▶ [How to complete this task]: Transcribe the data exactly. Pictures stay out.

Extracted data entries
+ + + +

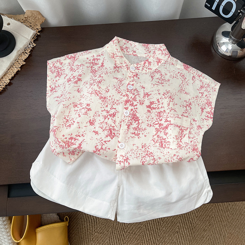 소년 여름 2025 새로운 스타일의 가볍고 편안한 반팔 캐주얼 셔츠 정장 루즈 반바지 중소형 어린이 투피스 세트스토어 가기
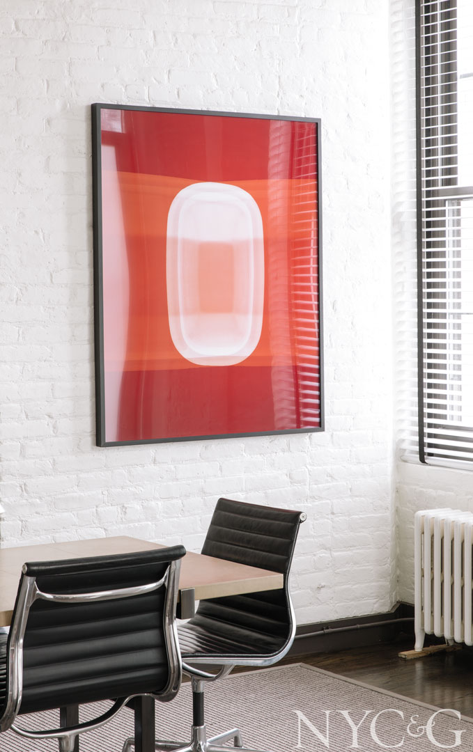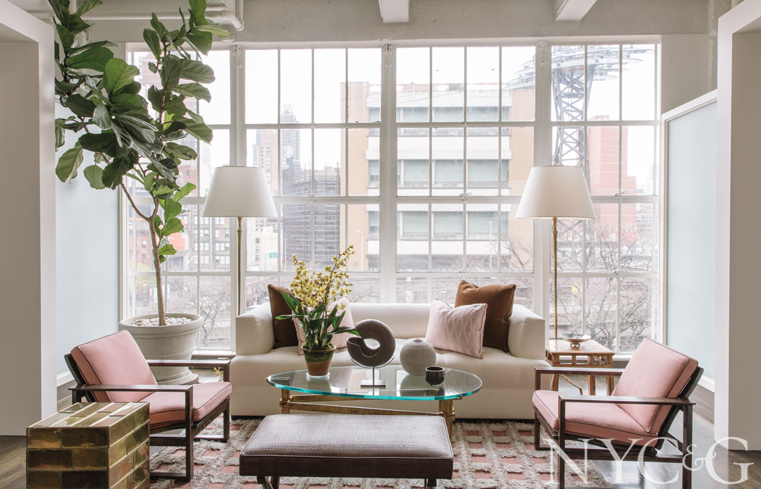 Félix Agostini floor lamps, a Marc du Plantier cocktail table, an antique Swedish rug, and a brass side table from legendary decorator Albert Hadley, Kleinberg’s former boss, fill the reception area, which boasts original factory-style windows.
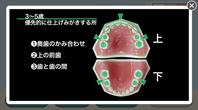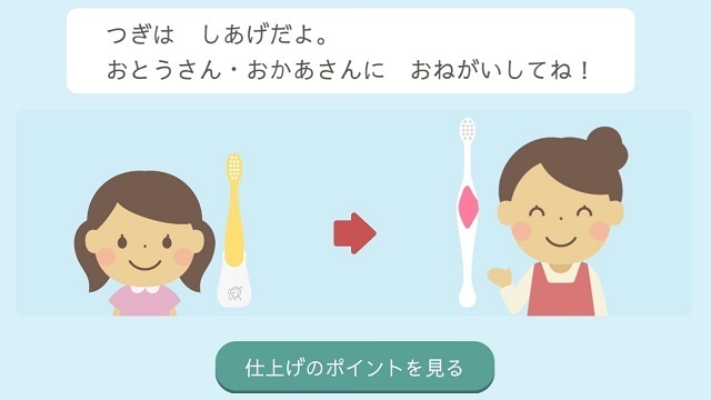子どもからママパパにバトンタッチ!親向けの画面では、より的確に具体的な歯みがきポイントを解説。
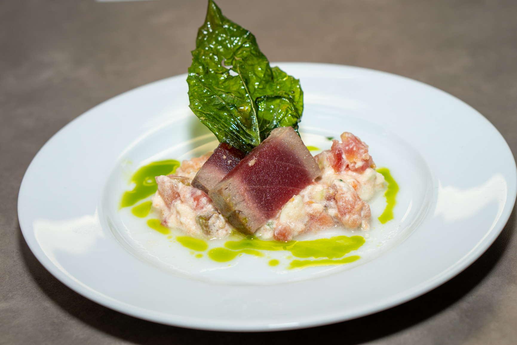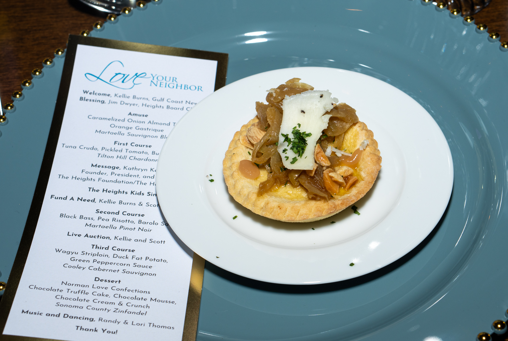 The five-course dinner was artfully created by Harold Balink of Harold’s Restaurant and featured a beautifully curated progression of flavors. Guests began with a caramelized onion almond tart amuse paired with Sauvignon Blanc, followed by a vibrant first course of tuna crudo with pickled tomato, burrata, and basil oil.
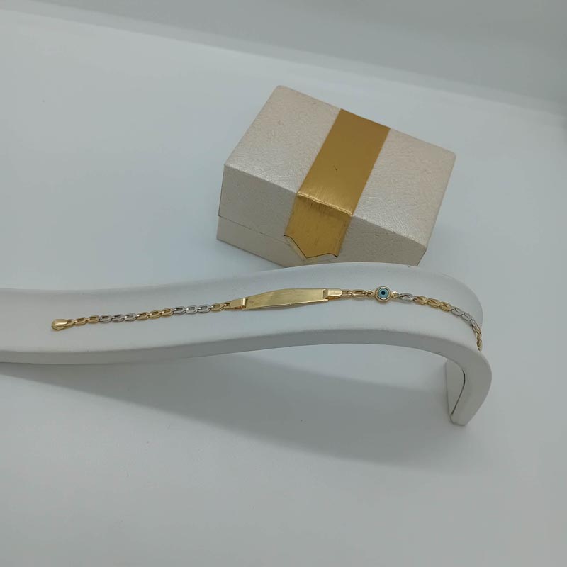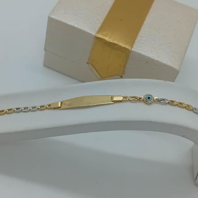 Χρυσή ταυτότητα unisex, 9 καρατίων, με ωραία δίχρωμη αλυσίδα, με μικρό ματόχαντρο και φαρδιά πλακέτα για χάραξη του ονόματος που επιθυμείτε.
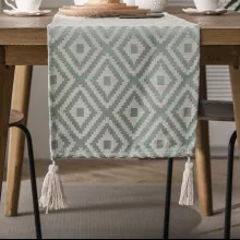 Nordic Geometric Jacquard Table Runner with Tassels – Elegant Dining Decor
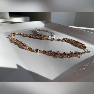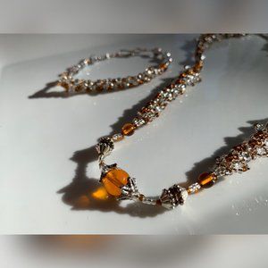 A set of orange and silver beaded & crystals handmade with a hook clasp for both necklace and bracelet. The beads & crystals are Swarovski.
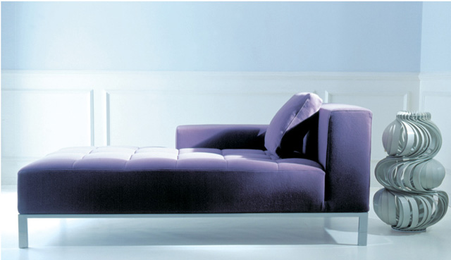 ALFA - Design: Emaf Progetti, 1999. Canapea modulara cu rama si picioare din otel, cromate, nichelate sau din grafit, cu insertii din spuma poliuretanica si husa interna fixa din nylon si husa externa detasabila din material textil sau piele, pe mai multe culori. Pret pornind de la: 3,116 euro fara TVA

+ + + +

▶ [Response to the exercise]:
 소년 여름 2025 새로운 스타일의 가볍고 편안한 반팔 캐주얼 셔츠 정장 루즈 반바지 중소형 어린이 투피스 세트스토어 가기
 Félix Agostini floor lamps, a Marc du Plantier cocktail table, an antique Swedish rug, and a brass side table from legendary decorator Albert Hadley, Kleinberg’s former boss, fill the reception area, which boasts original factory-style windows.
子どもからママパパにバトンタッチ!親向けの画面では、より的確に具体的な歯みがきポイントを解説。
 The five-course dinner was artfully created by Harold Balink of Harold’s Restaurant and featured a beautifully curated progression of flavors. Guests began with a caramelized onion almond tart amuse paired with Sauvignon Blanc, followed by a vibrant first course of tuna crudo with pickled tomato, burrata, and basil oil.
 Χρυσή ταυτότητα unisex, 9 καρατίων, με ωραία δίχρωμη αλυσίδα, με μικρό ματόχαντρο και φαρδιά πλακέτα για χάραξη του ονόματος που επιθυμείτε.
 Nordic Geometric Jacquard Table Runner with Tassels – Elegant Dining Decor
 A set of orange and silver beaded & crystals handmade with a hook clasp for both necklace and bracelet. The beads & crystals are Swarovski.
 ALFA - Design: Emaf Progetti, 1999. Canapea modulara cu rama si picioare din otel, cromate, nichelate sau din grafit, cu insertii din spuma poliuretanica si husa interna fixa din nylon si husa externa detasabila din material textil sau piele, pe mai multe culori. Pret pornind de la: 3,116 euro fara TVA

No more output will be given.